= What is needed =
Set down exact lines only, from the line with "第九步:重新拿一口乾凈的鍋,往裡面倒入少" through the last line of the material below, with every picture left out.

= Data section =

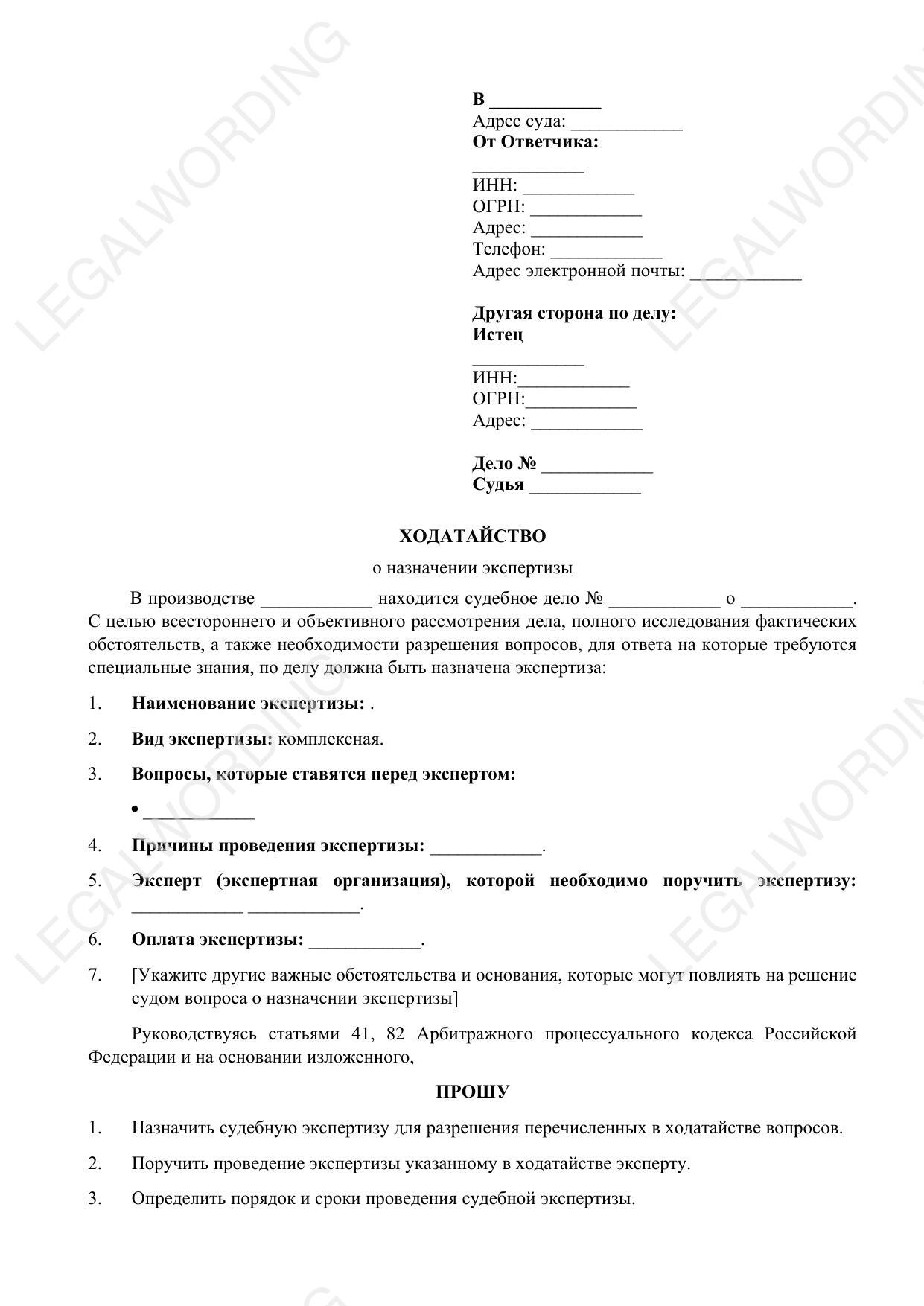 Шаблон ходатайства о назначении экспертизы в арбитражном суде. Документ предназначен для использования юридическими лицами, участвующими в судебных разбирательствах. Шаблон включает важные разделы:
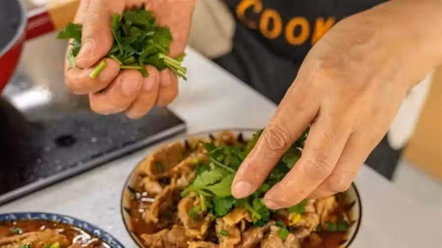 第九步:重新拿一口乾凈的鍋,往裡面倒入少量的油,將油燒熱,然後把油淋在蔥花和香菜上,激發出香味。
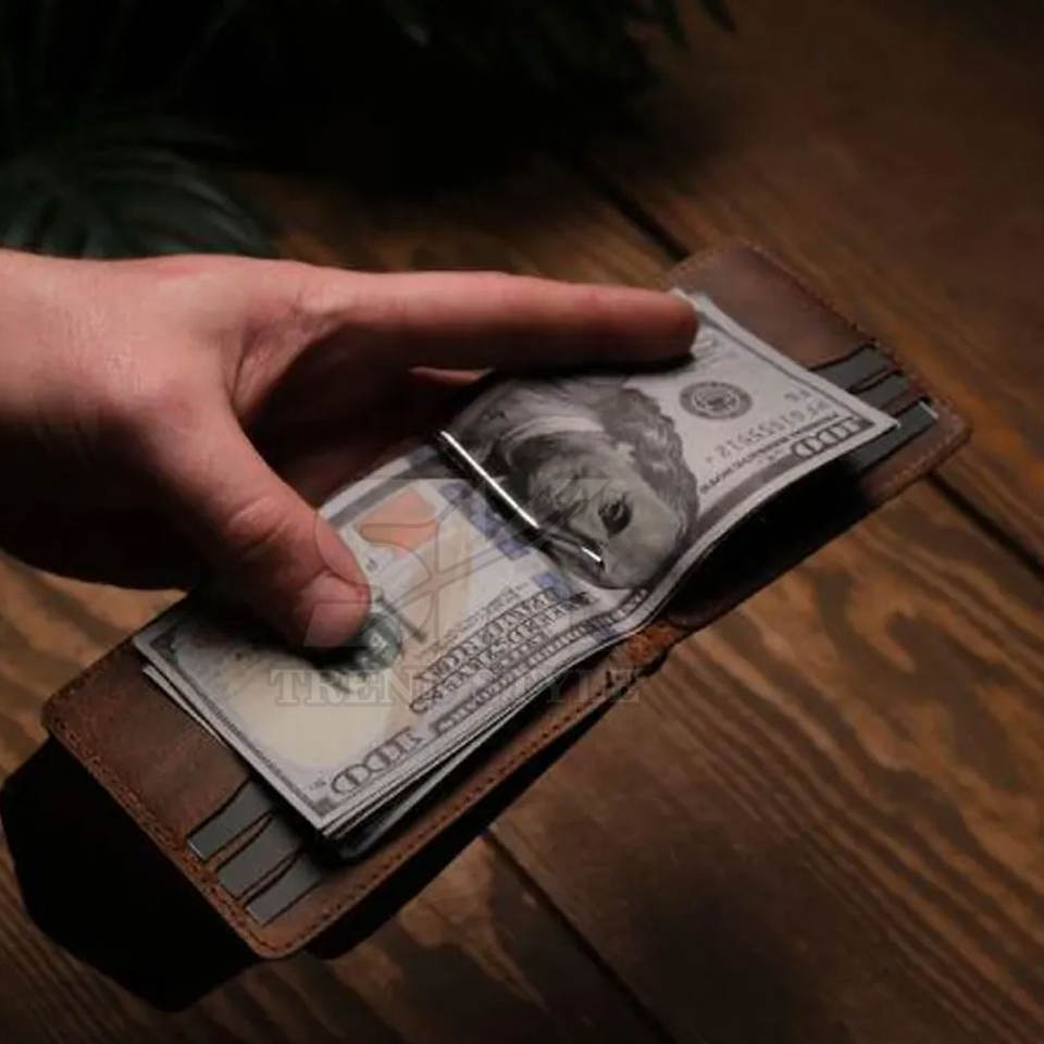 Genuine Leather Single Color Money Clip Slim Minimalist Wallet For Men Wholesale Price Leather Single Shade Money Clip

= Solution for this exercise =
 第九步:重新拿一口乾凈的鍋,往裡面倒入少量的油,將油燒熱,然後把油淋在蔥花和香菜上,激發出香味。
 Genuine Leather Single Color Money Clip Slim Minimalist Wallet For Men Wholesale Price Leather Single Shade Money Clip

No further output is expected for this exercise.